Think of the various CSI series on TV. They make a narrative of what happened in the past from facts. The facts (observations in the present) are used to demonstrate that the narrative happened. Evolution uses the same type of science as forensics.
The difference is that forensic detectives use evidence to connect crimes to people who are known to exist and whose whereabouts at certain times are traceable,whereas evolutionists use evidence to trace out lineages which cannot be known to have existed,because the reproductive links and compatibility between dead species cannot be observed.
I was talking about observations, not "explanations". If we are going to discuss, then you need to pay attention to what I am saying. Science restricts itself to intersubjective observations.

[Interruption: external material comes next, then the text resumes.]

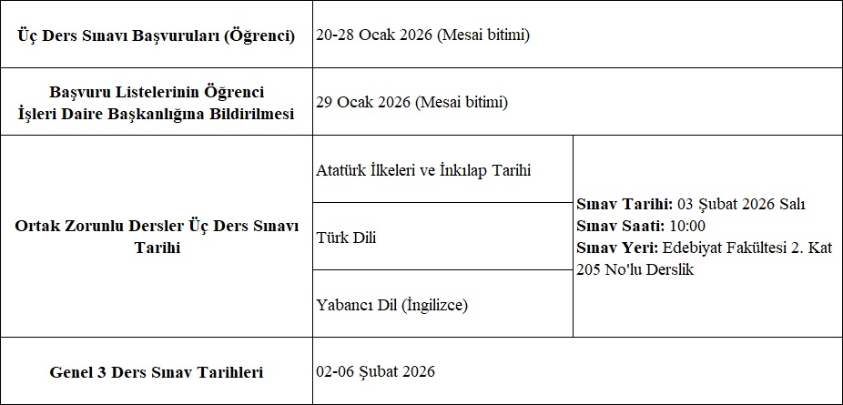 2025-2026 EĞİTİM ÖĞRETİM YILI GÜZ YARIYILI ÜÇ DERS SINAVLARI UYGULAMA TAKVİMİ

And I was contradicting your statement when I said that science restricts itself only to naturalistic explanations.
Intersubjectivity is a psychoanalytical concept.
The statement you made doens't make any sense. What does happen is that science is restricted to the "natural" component of an explanation. Christian belief is that God sustains all that is "natural". Nothing "natural" happens except by the will of God. Science can't test this supernatural component.
The fact that science cannot test the supernatural is besides the point.
Science is not limited to experimentation and conclusions drawn from it. There is also much speculation which cannot be verified. Explanations for the workings of nature ought to be logical,fitting effects to proper causes. And if an explanation that uses natural causes alone does not add up,we ought to have recourse to what else we know,or can know,about nature apart from scientific research,namely,God's power in it. If it is reasonable to believe that God is involved with the natural world,our knowledge of God and his relations with nature ought to be brought to bear upon our explanations.
You do realize you just contradicted yourself above, don't you?
Again, that is not what I said. I am talking about intersubjective observations. Everything you have stated involves objective, intersubjective observations.
Those theories involve much unverifiable and illogical speculation.
Actually, that is not the among the critieria of a successful theory. This is the heart of the scientific method:
"...what we learned in school about the scientific method can be reduced to two basic principles.
"1. All our theory, ideas, preconceptions, instincts, and prejudices about how things logically ought to be, how they in all fairness ought to be, or how we would prefer them to be, must be tested against external reality --what they *really* are. How do we determine what they really are? Through direct experience of the universe itself." Kitty Ferguson, The Fire in the Equations, pg. 38.
Direct experience and testing of physical things does not by itself determine what they are or what causation is involved. We know what really is through reason and logical thinking,as well as through sense experience and experimentation. The logic I am talking about takes into account sense experience and experimentation,but also corrects and criticizes them.
The idea that we can best know reality by sticking with empiricism and experimentation is itself a misguided preconception and prejudice. We are not closer to the truth of reality by suppressing reason and reducing knowledge to sense experience.